• **Work instruction**:
Every line below should come back exactly as written, though the pictures stay out.

• **Information provided**:
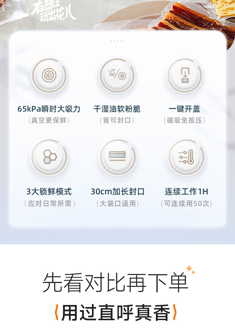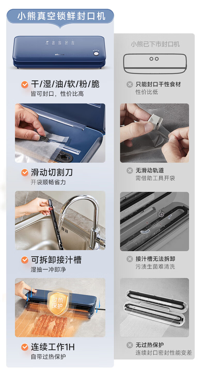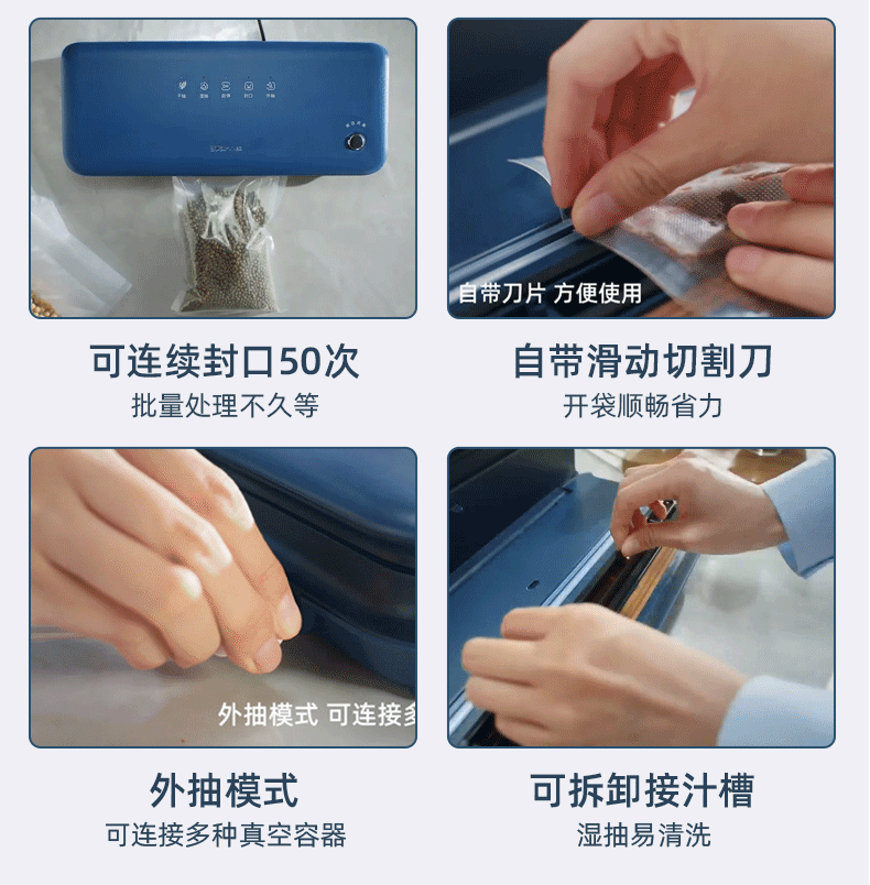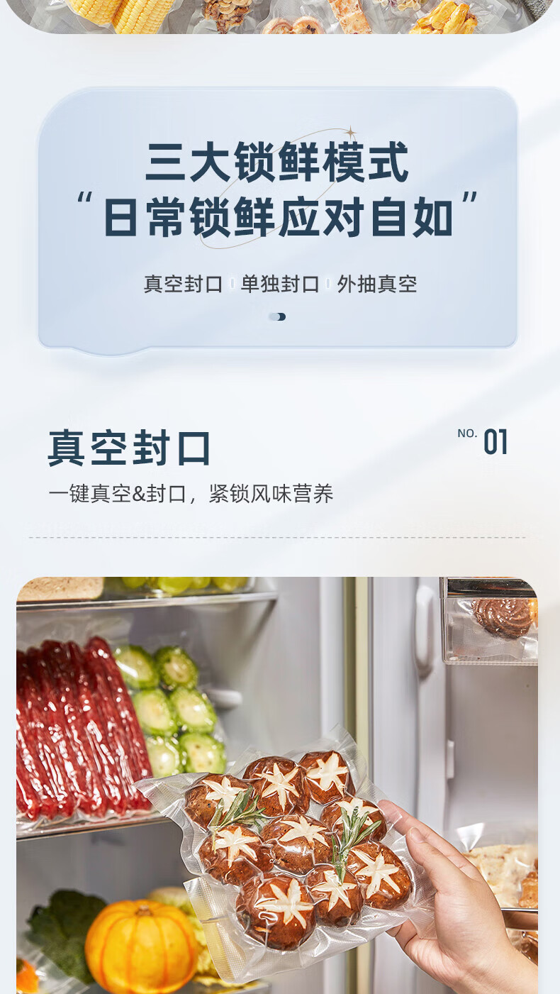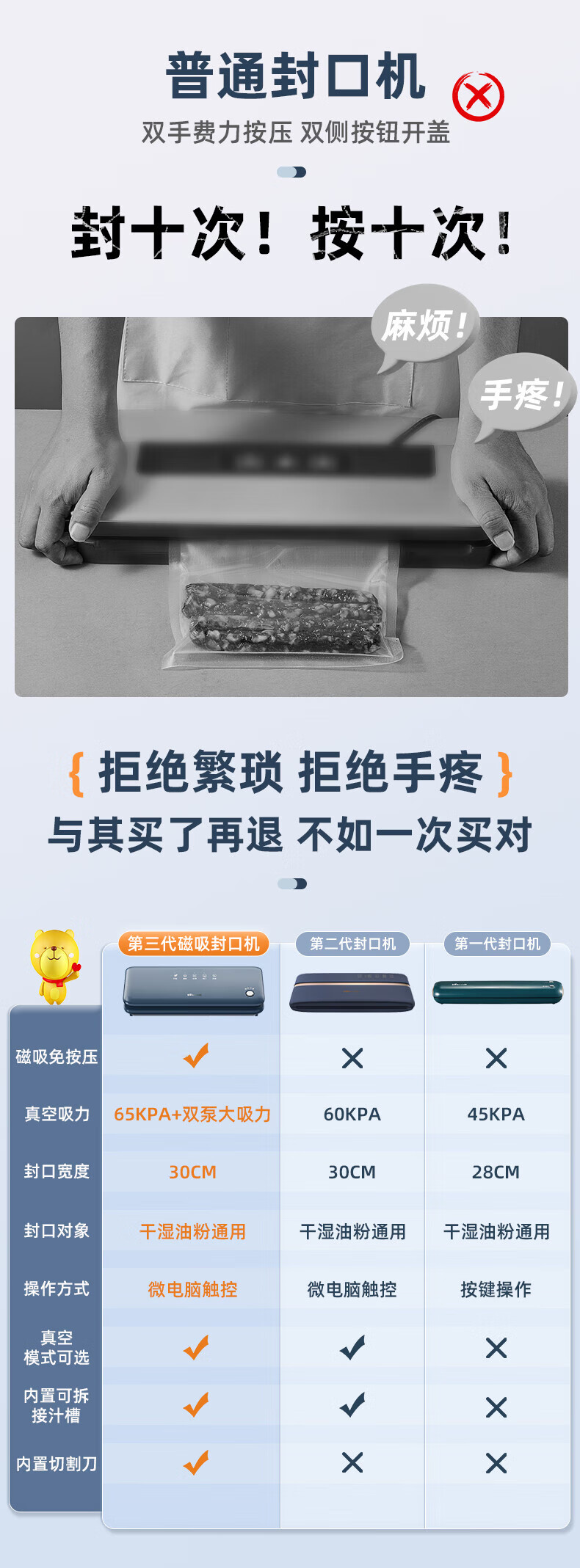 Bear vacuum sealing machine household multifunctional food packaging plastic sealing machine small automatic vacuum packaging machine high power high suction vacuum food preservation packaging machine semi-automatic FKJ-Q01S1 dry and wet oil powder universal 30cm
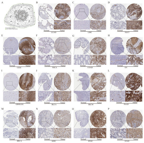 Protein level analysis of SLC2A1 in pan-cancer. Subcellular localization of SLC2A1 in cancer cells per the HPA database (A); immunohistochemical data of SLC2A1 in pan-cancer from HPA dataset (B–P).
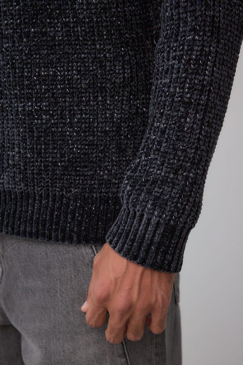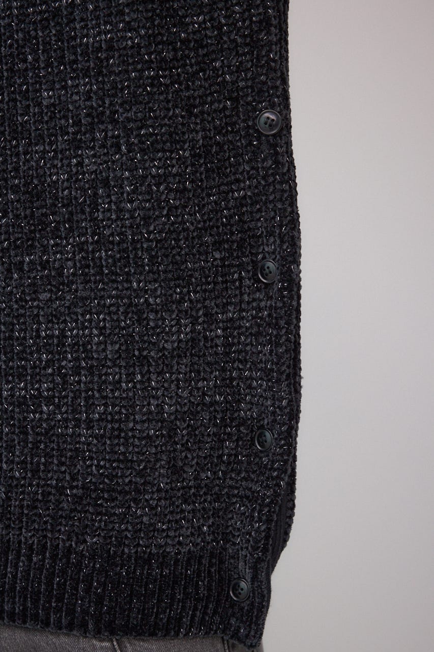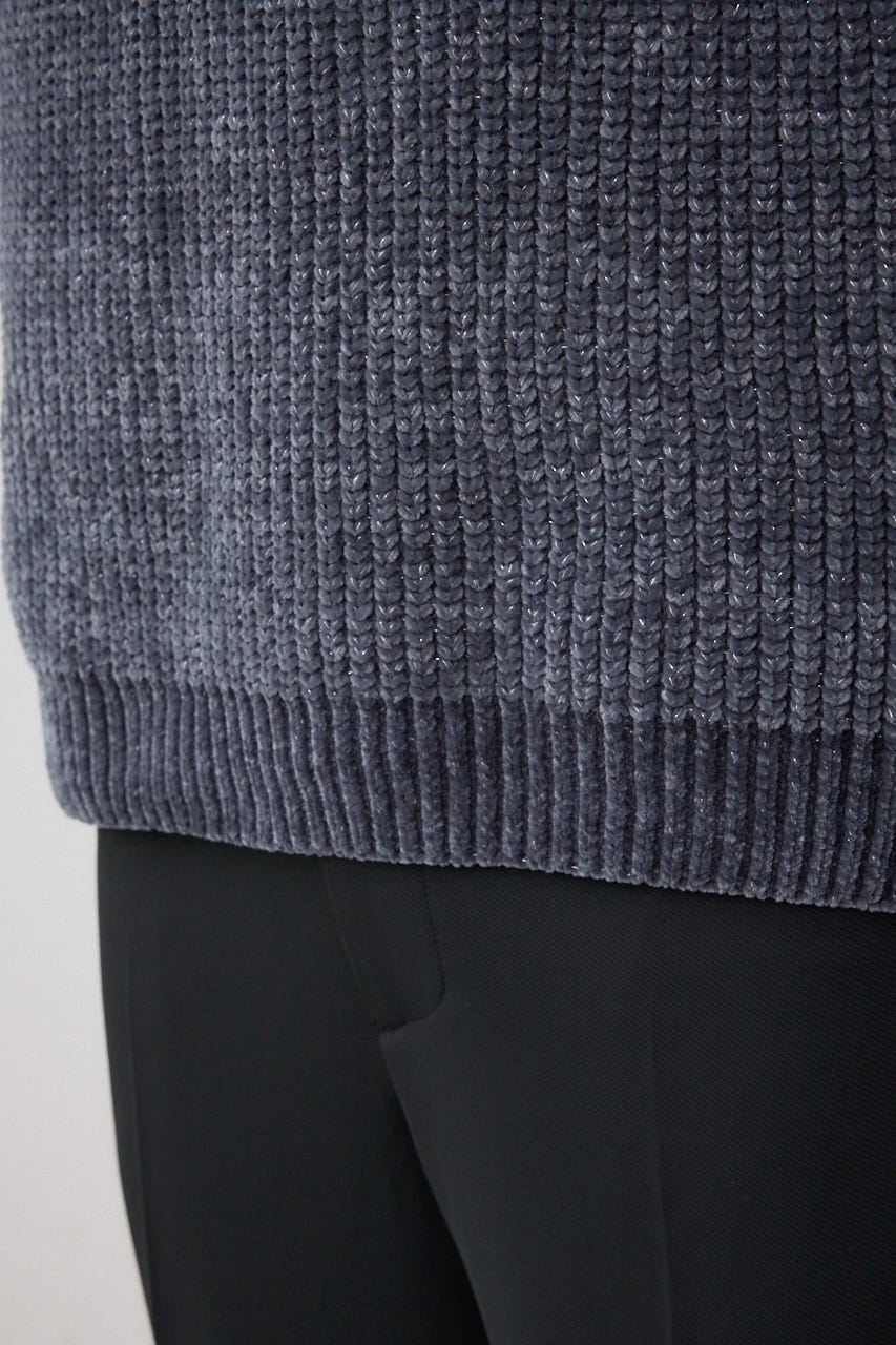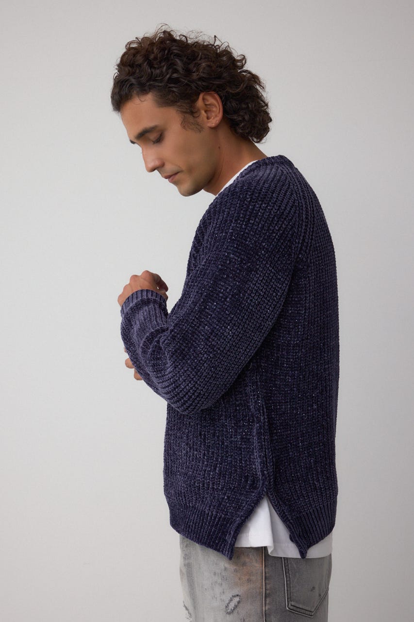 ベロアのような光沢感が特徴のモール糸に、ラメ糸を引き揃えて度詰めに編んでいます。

• **Output below**:
 Bear vacuum sealing machine household multifunctional food packaging plastic sealing machine small automatic vacuum packaging machine high power high suction vacuum food preservation packaging machine semi-automatic FKJ-Q01S1 dry and wet oil powder universal 30cm
 Protein level analysis of SLC2A1 in pan-cancer. Subcellular localization of SLC2A1 in cancer cells per the HPA database (A); immunohistochemical data of SLC2A1 in pan-cancer from HPA dataset (B–P).
 ベロアのような光沢感が特徴のモール糸に、ラメ糸を引き揃えて度詰めに編んでいます。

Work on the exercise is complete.